## TASK DETAILS
Write the listing out again word for word. Pictures do not belong in the copy.
..........
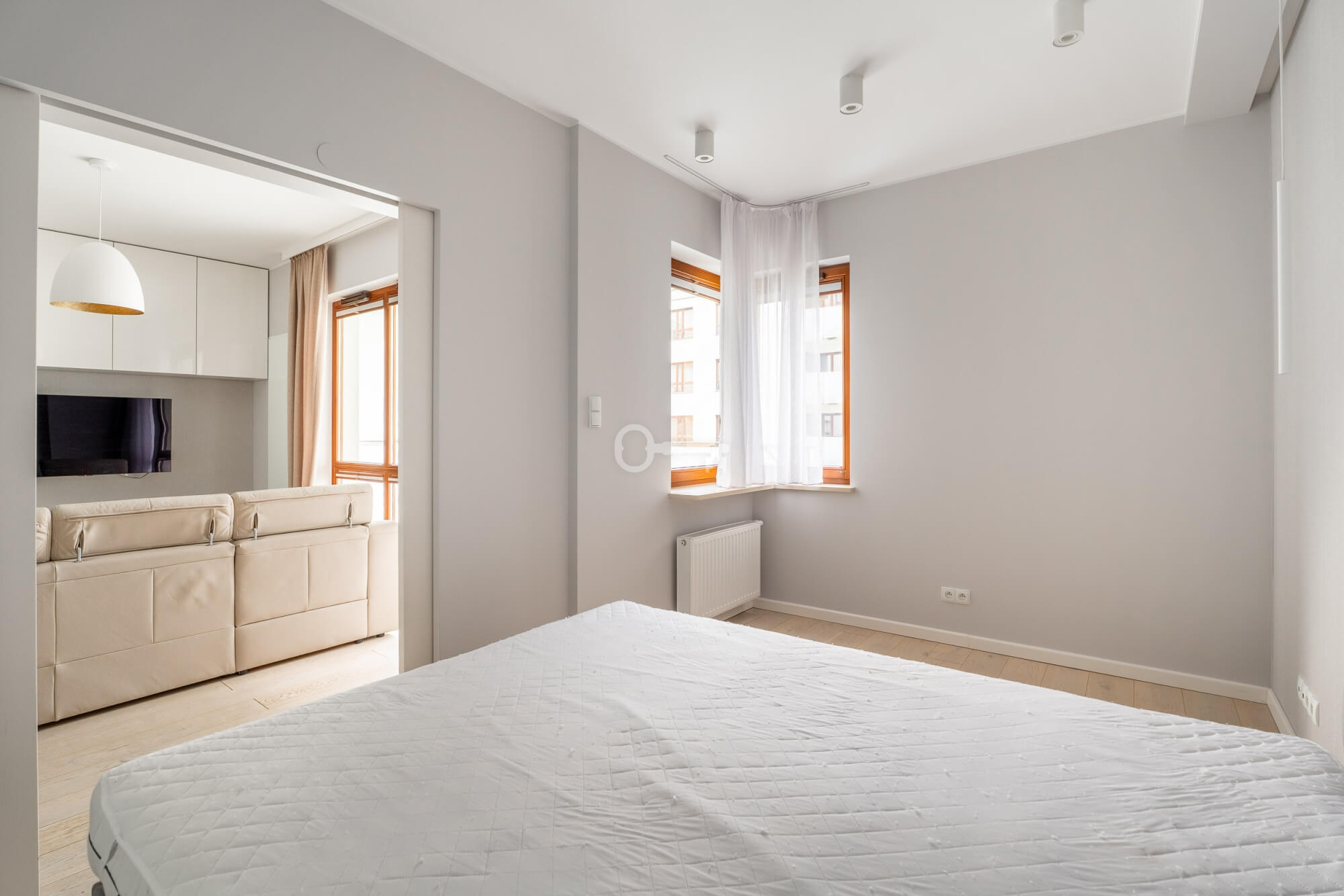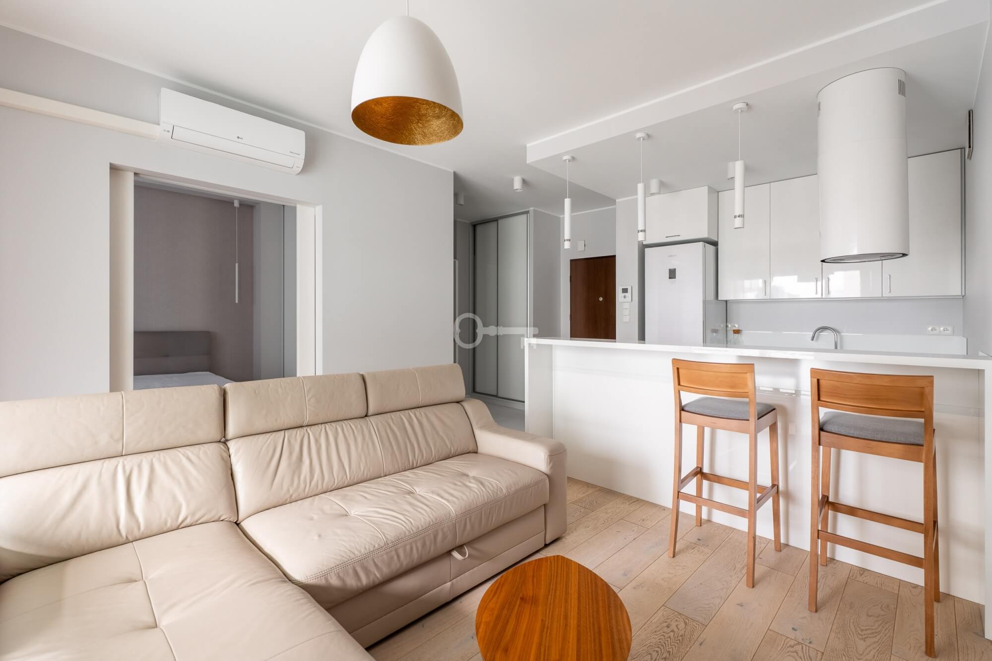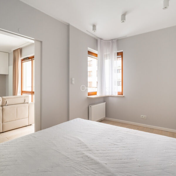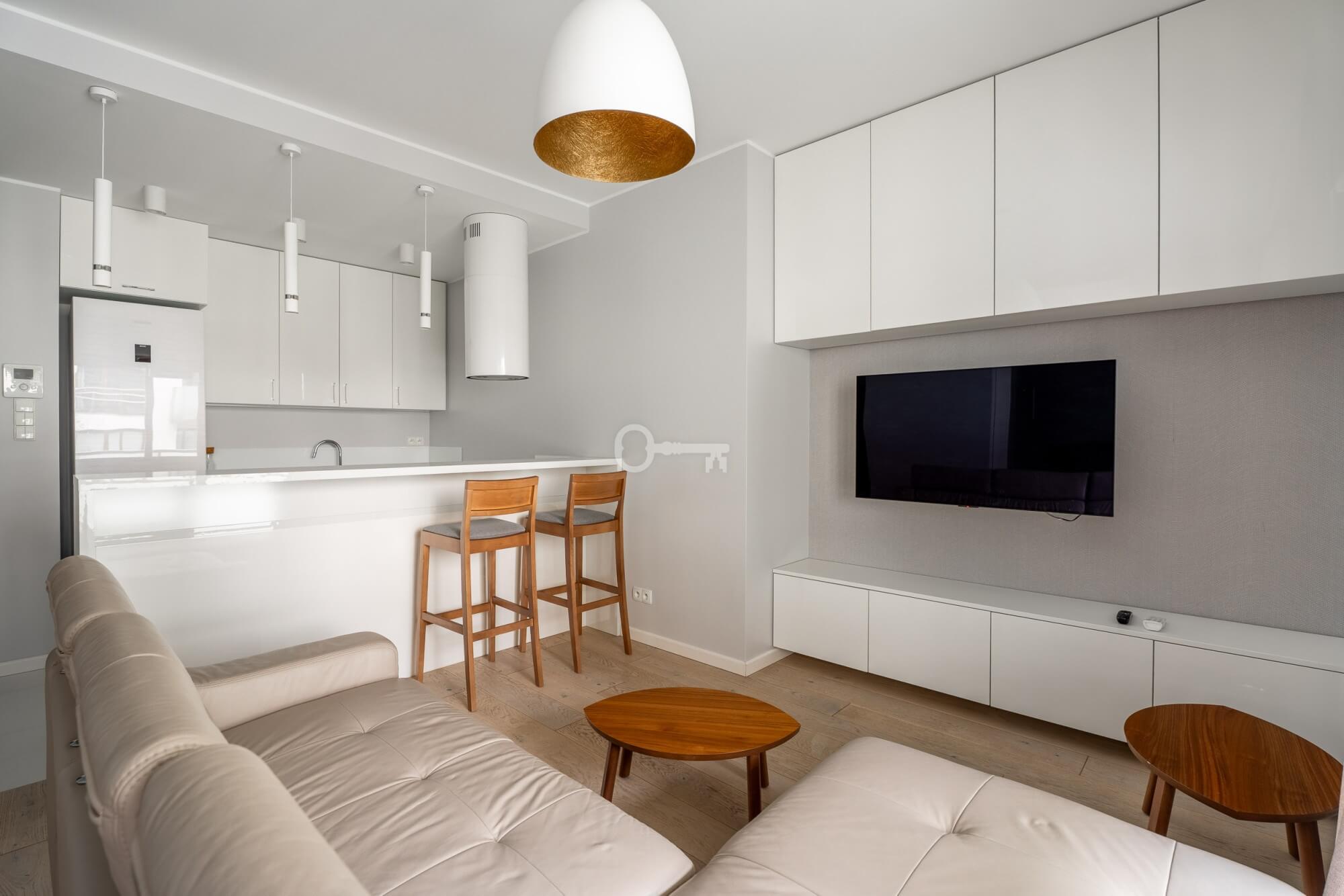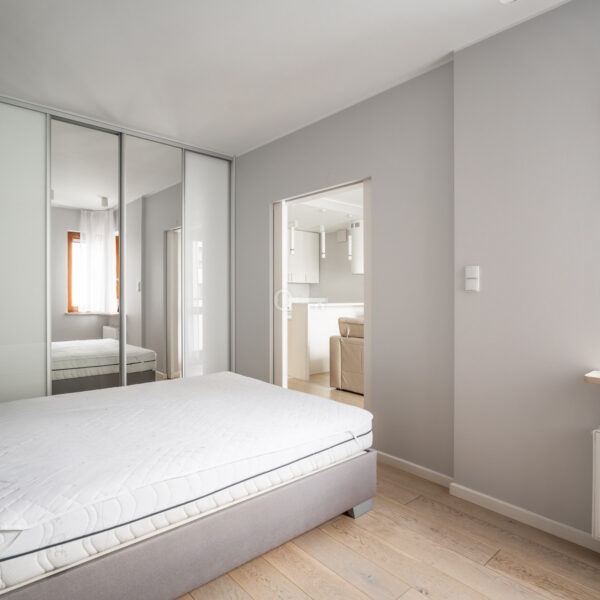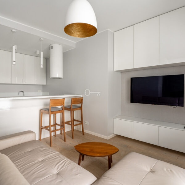 A modern and functional two-room flat, in a gated, monitored housing estate with security and a 24-hour reception. In the central part of the estate, there is a spacious, green courtyard with a playground and bicycle racks, providing residents with comfort and a sense of privacy.
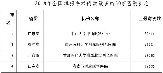 2018年全国填报手术例数最多的30家医院排名,明水眼科位居第四。
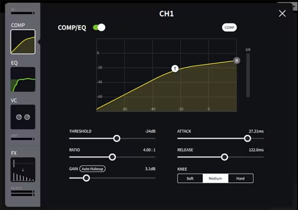 Una delle caratteristiche più apprezzate dell’AG08 Controller è la capacità di gestire una serie di effetti DSP direttamente dal software. Questi includono il compressore, l’equalizzatore, il riverbero e altre opzioni per la modellazione del suono, che consentono di adattare la resa audio a diverse situazioni, come una trasmissione dal vivo o una registrazione in studio.
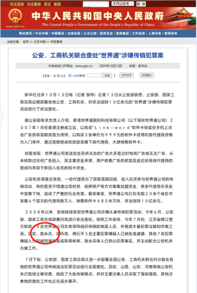 不仅如此,《中国企业网》在调查时还发现,江苏闻闻网络科技有限公司控股股东施某兵曾涉及“世界通”10亿元传销大案。2011年3月,江苏省镇江市京口区法院以组织、领导传销活动罪对其判处有期徒刑九年。
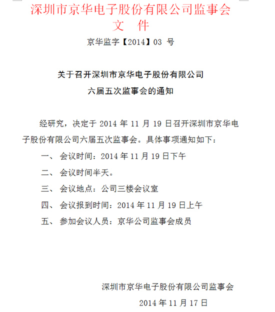 關于召開深圳市京華電子股份有限公司六屆五次監事會的通知
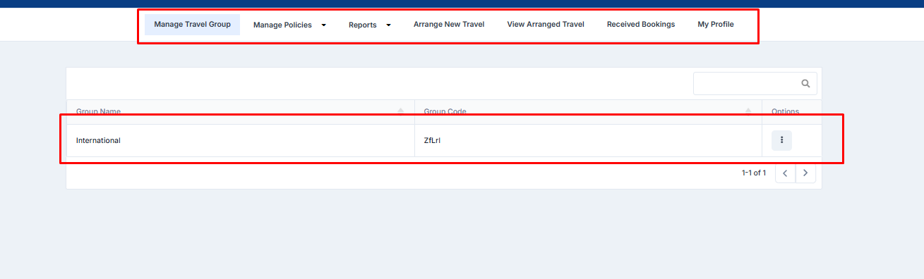 Right under the Header Menu, we can see a List of Travel Groups. The Travel Group Admin will be able to modify all of the existing Travel Groups in this list.
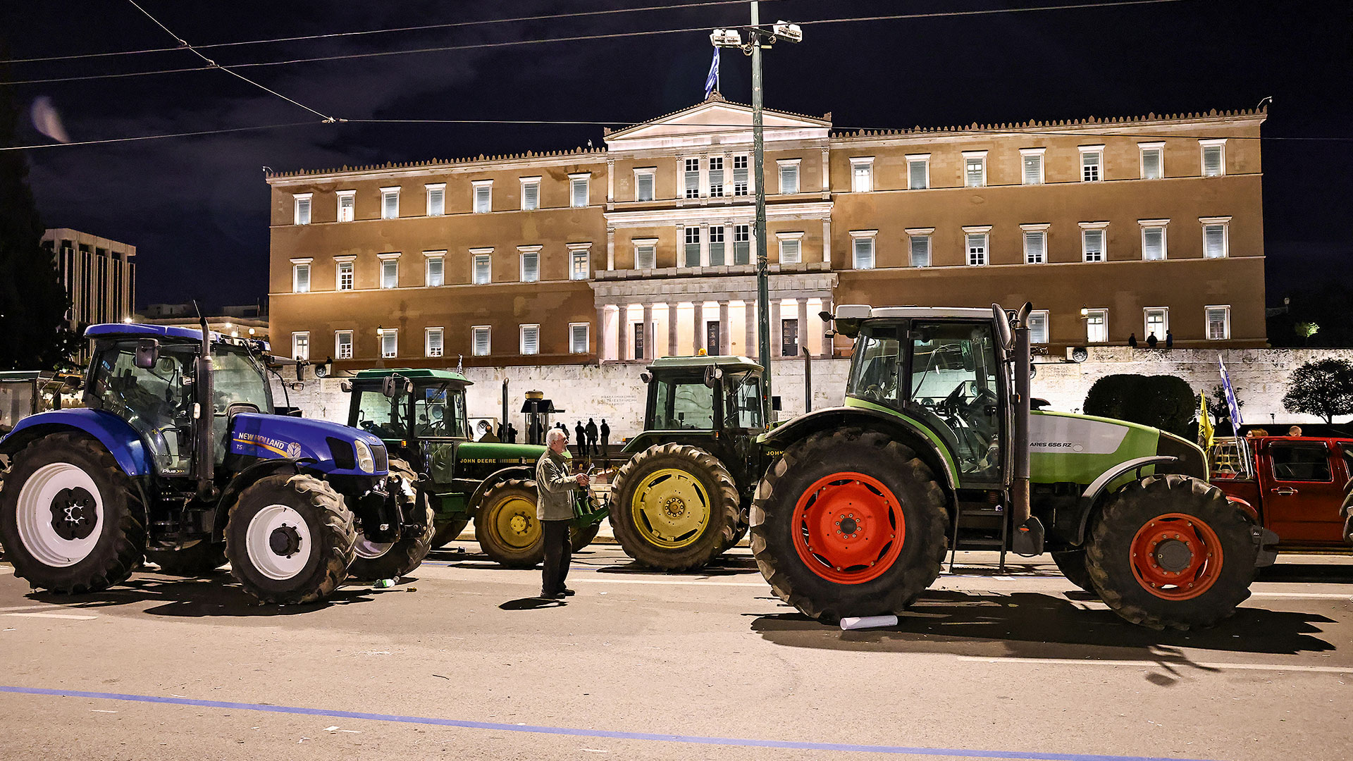 Περίπου 2.500 αγρότες συγκεντρώθηκαν έξω από τη Βουλή, ανάμεσά τους και απλοί πολίτες που διαδήλωναν κατά του νομοσχεδίου για τις συλλογικές συμβάσεις.
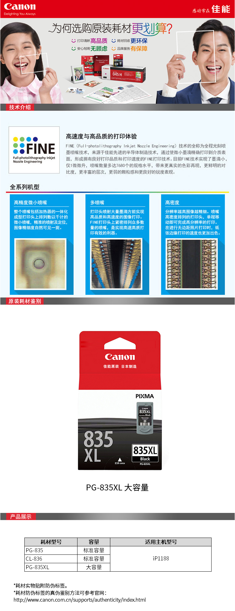 • 商品名稱:佳能(Canon) PG-835XL 大容量黑色墨盒 打印量298頁 適用于iP1188
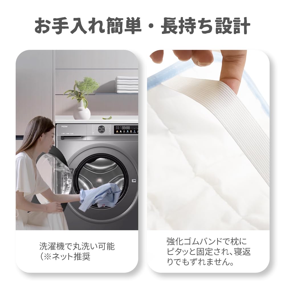 【ゴム付きでずれにくい設計】枕にしっかりフィットするゴムバンド付き。寝返りを打ってもずれにくく、ストレスフリーな安眠をサポート。
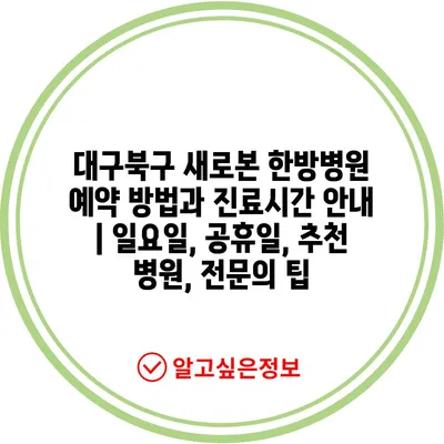 대구북구 새로본 한방병원 예약 방법과 진료시간 공지 | 일요일, 공휴일, 추천 병원, 전연락 팁 에 대해 자주 묻는 질문 TOP 5
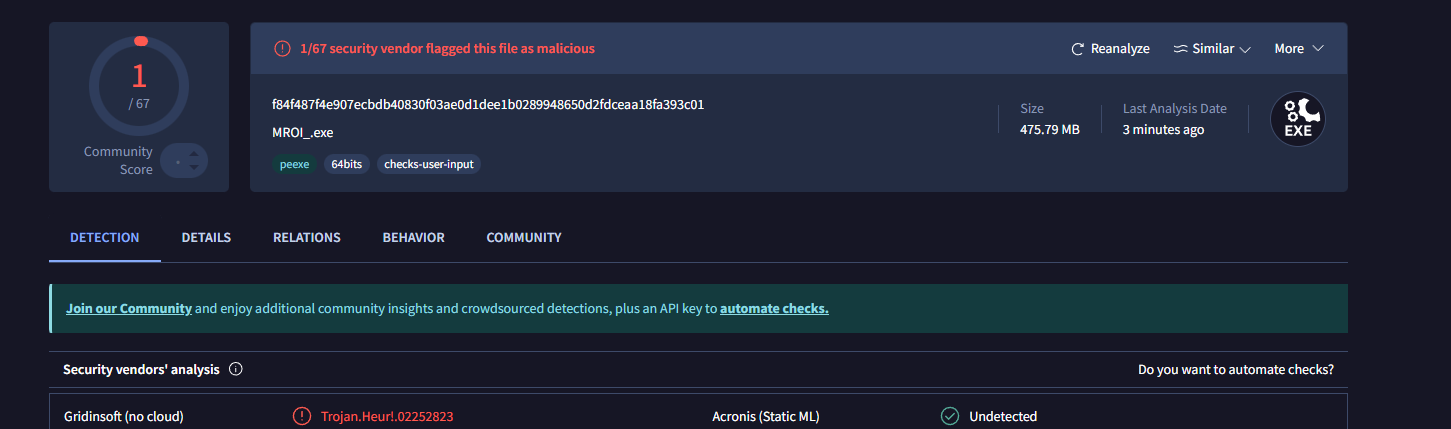 So... Could someone please explain this to me? How is this even allowed on Itch.io? Having a download option for a single .EXE file is really sus, man. I found your game on twitter and it looked so good but aint noway i'm running ts. This was a VirusTotal analysis btw: https://www.virustotal.com/gui/file/f84f487f4e907ecbdb40830f03ae0d1dee1b02899486...
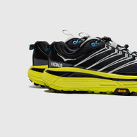 - 1141572-BHK - Black/Hoka Citrus - Hoka's Mafate Three2 combines the extra cushioned sole of the Mafate Speed 2 and the striking upper design from the Mafate 3 - Mesh upper - Hot melt overlays - Gusseted tongue with quick-lace system - Branding on the side heel - Lightweight no-sew SpeedFrame construction - Lightweight external TPU heel counter - Compression-molded EVA midsole - Vibram® Megagrip outsole
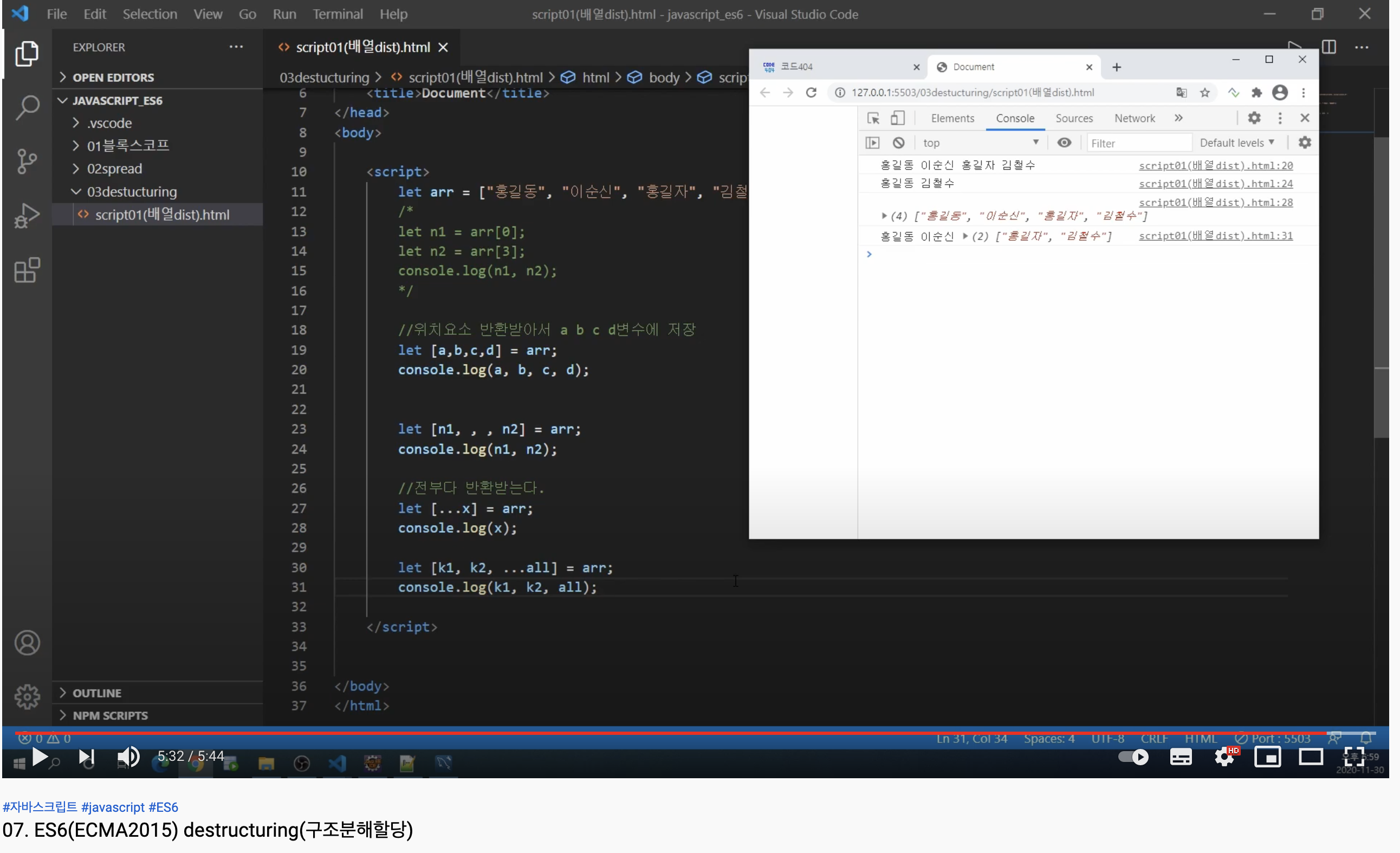 위와 같이 배열이나 object의 위치를 기준으로 할당하는 것이 구조 분해 할당.
..........
## SOLUTION
 A modern and functional two-room flat, in a gated, monitored housing estate with security and a 24-hour reception. In the central part of the estate, there is a spacious, green courtyard with a playground and bicycle racks, providing residents with comfort and a sense of privacy.
 2018年全国填报手术例数最多的30家医院排名,明水眼科位居第四。
 Una delle caratteristiche più apprezzate dell’AG08 Controller è la capacità di gestire una serie di effetti DSP direttamente dal software. Questi includono il compressore, l’equalizzatore, il riverbero e altre opzioni per la modellazione del suono, che consentono di adattare la resa audio a diverse situazioni, come una trasmissione dal vivo o una registrazione in studio.
 不仅如此,《中国企业网》在调查时还发现,江苏闻闻网络科技有限公司控股股东施某兵曾涉及“世界通”10亿元传销大案。2011年3月,江苏省镇江市京口区法院以组织、领导传销活动罪对其判处有期徒刑九年。
 關于召開深圳市京華電子股份有限公司六屆五次監事會的通知
 Right under the Header Menu, we can see a List of Travel Groups. The Travel Group Admin will be able to modify all of the existing Travel Groups in this list.
 Περίπου 2.500 αγρότες συγκεντρώθηκαν έξω από τη Βουλή, ανάμεσά τους και απλοί πολίτες που διαδήλωναν κατά του νομοσχεδίου για τις συλλογικές συμβάσεις.
 • 商品名稱:佳能(Canon) PG-835XL 大容量黑色墨盒 打印量298頁 適用于iP1188
 【ゴム付きでずれにくい設計】枕にしっかりフィットするゴムバンド付き。寝返りを打ってもずれにくく、ストレスフリーな安眠をサポート。
 대구북구 새로본 한방병원 예약 방법과 진료시간 공지 | 일요일, 공휴일, 추천 병원, 전연락 팁 에 대해 자주 묻는 질문 TOP 5
 So... Could someone please explain this to me? How is this even allowed on Itch.io? Having a download option for a single .EXE file is really sus, man. I found your game on twitter and it looked so good but aint noway i'm running ts. This was a VirusTotal analysis btw: https://www.virustotal.com/gui/file/f84f487f4e907ecbdb40830f03ae0d1dee1b02899486...
 - 1141572-BHK - Black/Hoka Citrus - Hoka's Mafate Three2 combines the extra cushioned sole of the Mafate Speed 2 and the striking upper design from the Mafate 3 - Mesh upper - Hot melt overlays - Gusseted tongue with quick-lace system - Branding on the side heel - Lightweight no-sew SpeedFrame construction - Lightweight external TPU heel counter - Compression-molded EVA midsole - Vibram® Megagrip outsole
 위와 같이 배열이나 object의 위치를 기준으로 할당하는 것이 구조 분해 할당.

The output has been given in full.